The Man Who Invented the Computer

by Jane Smiley

  It was Tommy Flowers who conceived and built Colossus at Dollis Hill, where he had worked since 1926. Even though because of his prewar vacuum-tube experiment Flowers knew how much faster the tubes were at such work, in 1943 he could not at first persuade the authorities at Bletchley Park to try the new technology. He decided to construct a prototype on his own, commandeering a post office factory in Birmingham to make the parts. He had a sixteen-hundred-tube processor by the end of 1943 but saw immediately that though it worked, it was not fast enough, and he began on an improved version in February 1944. He was told that the machine had to be installed at Bletchley and functioning by the first of June, the planned date for the invasion of Normandy by the Allied forces. He succeeded. According to Jack Copeland, “Despite the fact that no such machine had previously been attempted, the computer was in working order almost straight away and ready to begin its fast-paced attack on the German messages.” Not long before he died, Flowers did write enough about the history, the purpose, and the features of Colossus so that we may understand its main features:

  Colossus was a special-purpose machine designed primarily to perform processes devised by Bletchley Park for discovering the settings of the code wheels made by the [German] machine operators before the messages were sent. Much of the Colossus was an electronic analogue of the Lorenz Tunny machine. Bletchley Park also eventually found ways of using the machine to discover the Tunny wheel patterns when they were routinely changed. (Colossus did not itself decode intercepted messages. This was done by other machines, specially modified teleprinters, also known as Tunny machines.)

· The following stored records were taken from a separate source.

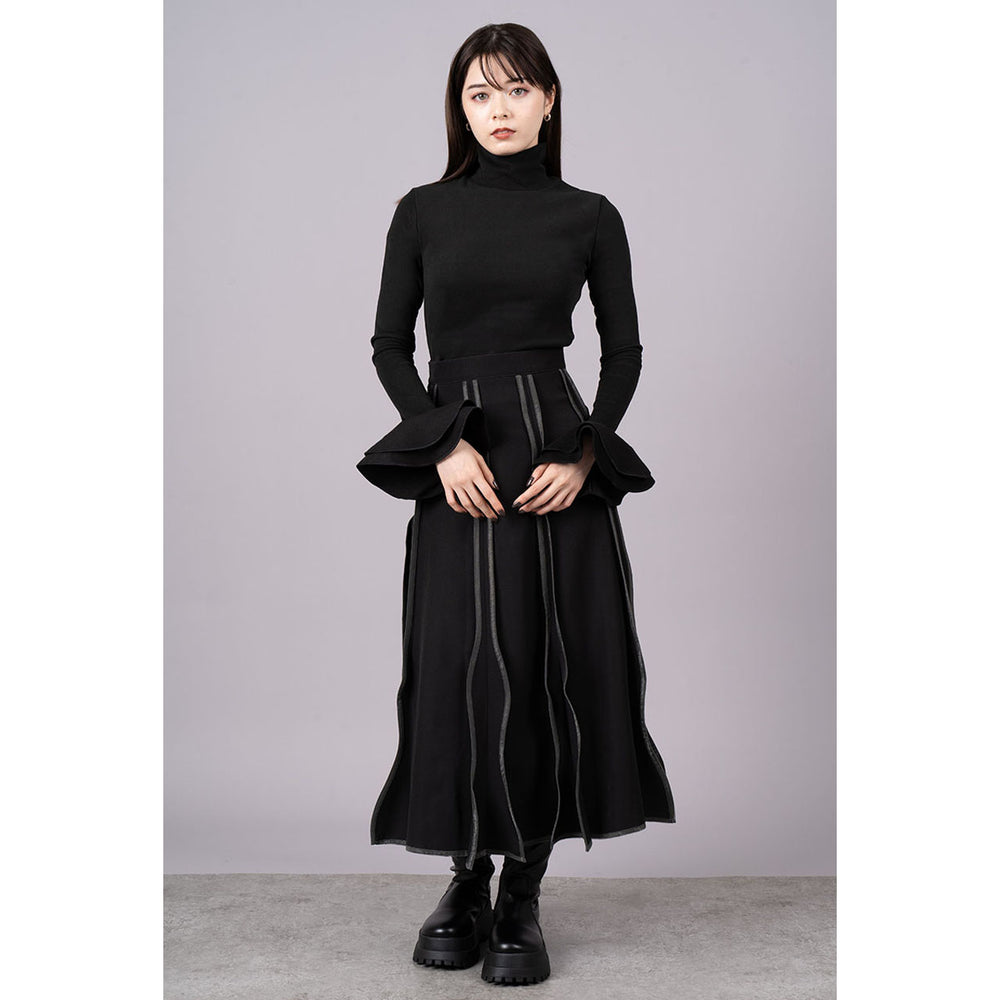 波のようなパイピングデザインが目を惹くミモレ丈のスカート。
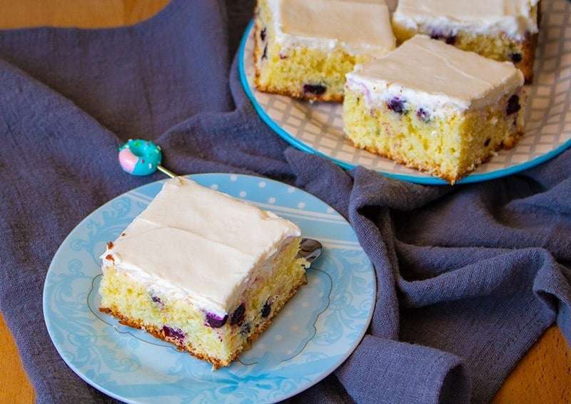 This lemon blueberry coffee cake can be eaten with or without the lemon icing. With the icing it is a great dessert, without the icing you can call it breakfast!
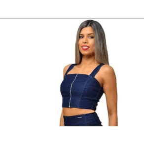 Cropped Top Jeans Feminino com Zíper Moda Verão
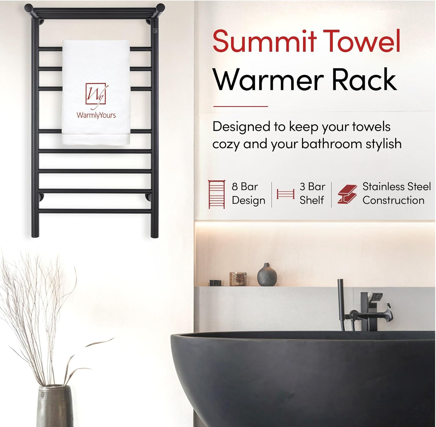 The Summit towel warmer is an exciting blend of attractive, modern design and practical functionality. With 8 main heated bars, the Summit is able to accommodate 2 large towels or a bathrobe while the heated 3-bar shelf can keep additional towels toasty. The Summit is made of durable stainless steel and features a polished stainless steel finish that is both attractive and easy to clean. This towel warmer is also dual connection, meaning it can be used “as is” to plug into a standard 120 VAC outlet or it can be modified by a licensed electrician to have a hardwired 120 VAC electrical connection. And when this towel warmer is installed with a hardwired electrical connection, its unique design means there is no unattractive and cumbersome cover plate required. Additionally, this towel warmer is extremely safe and is cETLus listed. The Summit comes with an LED power switch and TempSmart overheat protection to prevent the unit’s surface temperature from exceeding 167°F (75°C). The Summit is covered by our 2-year manufacturer’s warranty for peace of mind. Optional towel warmer controls sold separately.

  The Colossus operated on two data streams simultaneously—one was the strip of paper from the teleprinter, carrying the message, and the other was a data stream that mimicked various wheel combinations that a Lorenz machine would use. The strip of paper carrying the hole pattern that was the message was made into a loop, then the loop was passed over and over through a photoelectric reader that registered hole or no—each recognition registered as an electric impulse to the logic unit (the “processor”—the part of the machine that eventually would be made up of 2,400 vacuum tubes). Each pass of the loop through the scanner included a blank section that defined the beginning and the end of the message. The tape passed through the scanner over and over “until every possible combination of digits” that appeared at the beginning of the message had been read—once the beginning of the message had been worked out, the rest of the message could be decoded. The electric impulses that passed through the holes in the tape registered on a counter; the code breakers soon discovered that a scan that did not reveal a message always contained fewer impulses than a scan that revealed a message—that is, the word “colossus” contains eight letters, and so, eight lines of holes and nos; in “colossus,” there are eighteen holes versus twenty-two nos. No eight-letter word could contain, say, three holes and thirty-seven nos. According to probability, every eight-letter word had to contain more than a certain number of holes, so Colossus was set to throw out results that contained fewer than that number. Colossus allowed the code breakers to concentrate on only the strips of letters that were more likely to resolve into the actual message.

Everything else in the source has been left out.